Job Description
Are you ready to define the next era of artificial intelligence? Nexus Horizon Technologies is seeking a visionary Senior AI Engineer to join our elite '2026' initiative. We are building the foundational models that will power enterprise solutions for the next decade. If you thrive in a fast-paced, innovative environment and want to push the boundaries of what's possible with Generative AI and Large Language Models (LLMs), this is your opportunity.
Why Join Us?
- Work on groundbreaking projects that will shape the future of technology.
- Competitive compensation package with equity options.
- Top-tier benefits and flexible remote-first culture.
- Access to state-of-the-art compute resources and research libraries.
Role Overview:
You will be responsible for designing, training, and deploying scalable AI models. You will work closely with cross-functional teams of data scientists, engineers, and product managers to deliver high-impact solutions that solve complex real-world problems.
Responsibilities
- Model Development: Design and implement state-of-the-art machine learning and deep learning algorithms to drive product innovation.
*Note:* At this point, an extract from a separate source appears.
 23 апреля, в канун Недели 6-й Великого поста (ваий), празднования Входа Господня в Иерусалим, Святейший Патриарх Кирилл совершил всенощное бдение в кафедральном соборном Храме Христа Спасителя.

- Optimization: Optimize model inference latency and accuracy for production environments, ensuring scalability and efficiency.
- Research: Stay ahead of the curve by researching emerging AI trends and methodologies, specifically focusing on the roadmap towards 2026.
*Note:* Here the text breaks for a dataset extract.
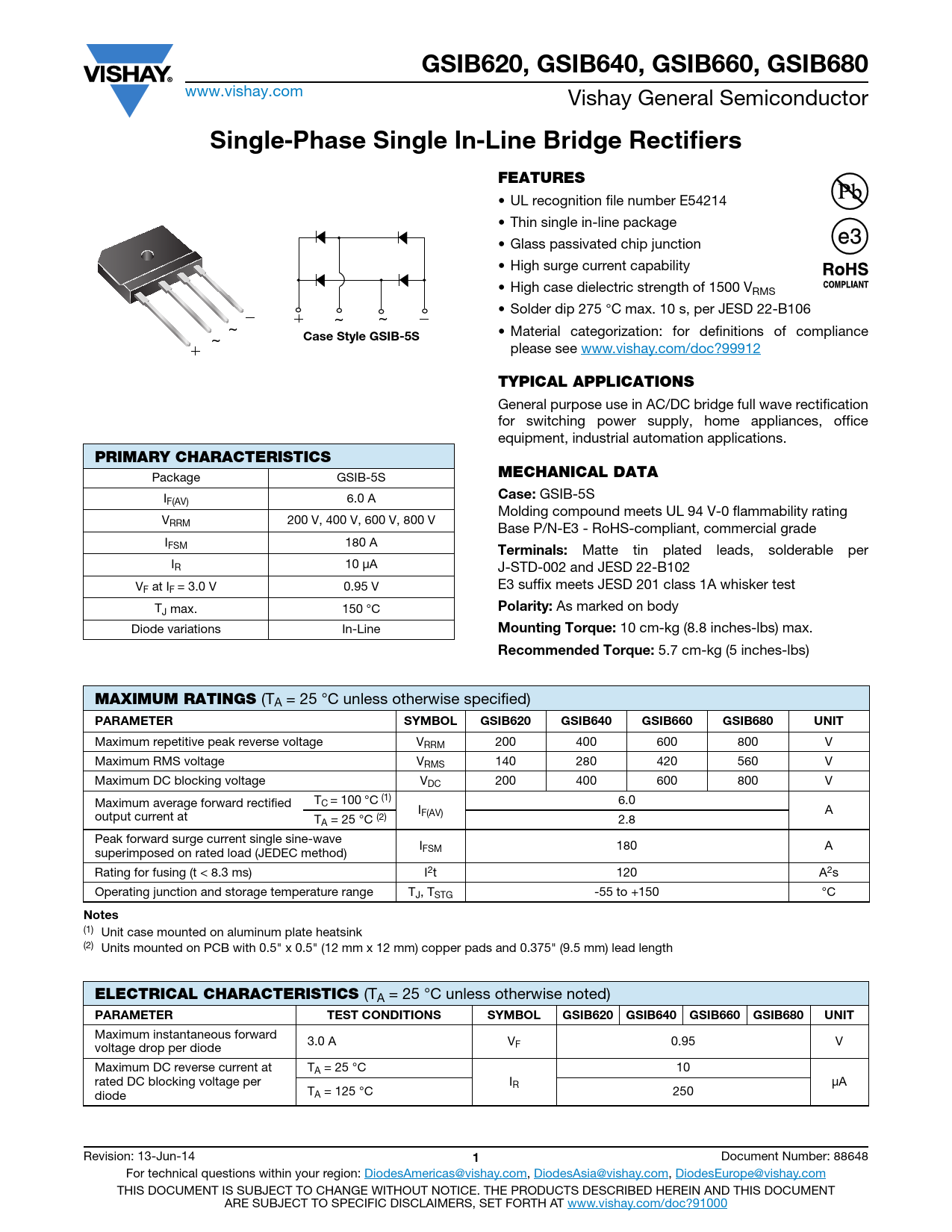 GSIB620, GSIB640, GSIB660, GSIB680 www.vishay.com Vishay General Semiconductor Single-Phase Single In-Line Bridge RectifiersFEATURES • UL recognition file number E54214 • Thin single in-line package • Glass passivated chip junction • High surge current capability • High case dielectric strength of 1500 VRMS • Solder dip 275 °C max. 10 s, per JESD 22-B106 ~ ~ ~ • Material categorization: for definitions of compliance Case Style GSIB-5S ~ please see www.vishay.com/doc?99912 TYPICAL APPLICATIONS General purpose use in AC/DC bridge full wave rectification for switching power supply, home appliances, office equipment, industrial automation applications. PRIMARY CHARACTERISTICSMECHANICAL DATA Package GSIB-5S Case: GSIB-5S IF(AV) 6.0 A Molding compound meets UL 94 V-0 flammability rating VRRM 200 V, 400 V, 600 V, 800 V Base P/N-E3 - RoHS-compliant, commercial grade IFSM 180 A Terminals: Matte tin plated leads, solderable per IR 10 μA J-STD-002 and JESD 22-B102 V E3 suffix meets JESD 201 class 1A whisker test F at IF = 3.0 V 0.95 V T Polarity: As marked on body J max. 150 °C Diode variations In-Line Mounting Torque: 10 cm-kg (8.8 inches-lbs) max. Recommended Torque: 5.7 cm-kg (5 inches-lbs) MAXIMUM RATINGS (TA = 25 °C unless otherwise specified) PARAMETER SYMBOLGSIB620GSIB640 GSIB660 GSIB680 UNIT Maximum repetitive peak reverse voltage VRRM 200 400 600 800 V Maximum RMS voltage VRMS 140 280 420 560 V Maximum DC blocking voltage VDC 200 400 600 800 V Maximum average forward rectified TC = 100 °C (1) 6.0 I A output current at F(AV) TA = 25 °C (2) 2.8 Peak forward surge current single sine-wave I superimposed on rated load (JEDEC method) FSM 180 A Rating for fusing (t < 8.3 ms) I2t 120 A2s Operating junction and storage temperature range TJ, TSTG -55 to +150 °C Notes (1) Unit case mounted on aluminum plate heatsink (2) Units mounted on PCB with 0.5" x 0.5" (12 mm x 12 mm) copper pads and 0.375" (9.5 mm) lead length ELECTRICAL CHARACTERISTICS (TA = 25 °C unless otherwise noted) PARAMETERTEST CONDITIONSSYMBOLGSIB620 GSIB640 GSIB660 GSIB680 UNIT Maximum instantaneous forward 3.0 A V voltage drop per diode F 0.95 V Maximum DC reverse current at TA = 25 °C 10 rated DC blocking voltage per IR μA diode TA = 125 °C 250 Revision: 13-Jun-14 1 Document Number: 88648 For technical questions within your region: DiodesAmericas@vishay.com, DiodesAsia@vishay.com, DiodesEurope@vishay.com THIS DOCUMENT IS SUBJECT TO CHANGE WITHOUT NOTICE. THE PRODUCTS DESCRIBED HEREIN AND THIS DOCUMENT ARE SUBJECT TO SPECIFIC DISCLAIMERS, SET FORTH AT www.vishay.com/doc?91000

- Collaboration: Partner with engineering and product teams to integrate AI models into seamless user experiences.
- Mentorship: Mentor junior engineers and data scientists, fostering a culture of continuous learning and technical excellence.
- Deployment: Manage the full ML lifecycle, from data ingestion to model serving and monitoring.
Qualifications
- Education: Masterβs or PhD in Computer Science, Artificial Intelligence, or a related technical field.
- Experience: 5+ years of professional experience in machine learning or AI engineering.
- Core Skills: Proficiency in Python, PyTorch, TensorFlow, or JAX.
- Domain Knowledge: Strong understanding of Natural Language Processing (NLP), Computer Vision, or Reinforcement Learning.
- Tools: Experience with cloud platforms (AWS, GCP, or Azure) and MLOps tools (Kubernetes, MLflow, Docker).
- Communication: Excellent ability to communicate complex technical concepts to non-technical stakeholders.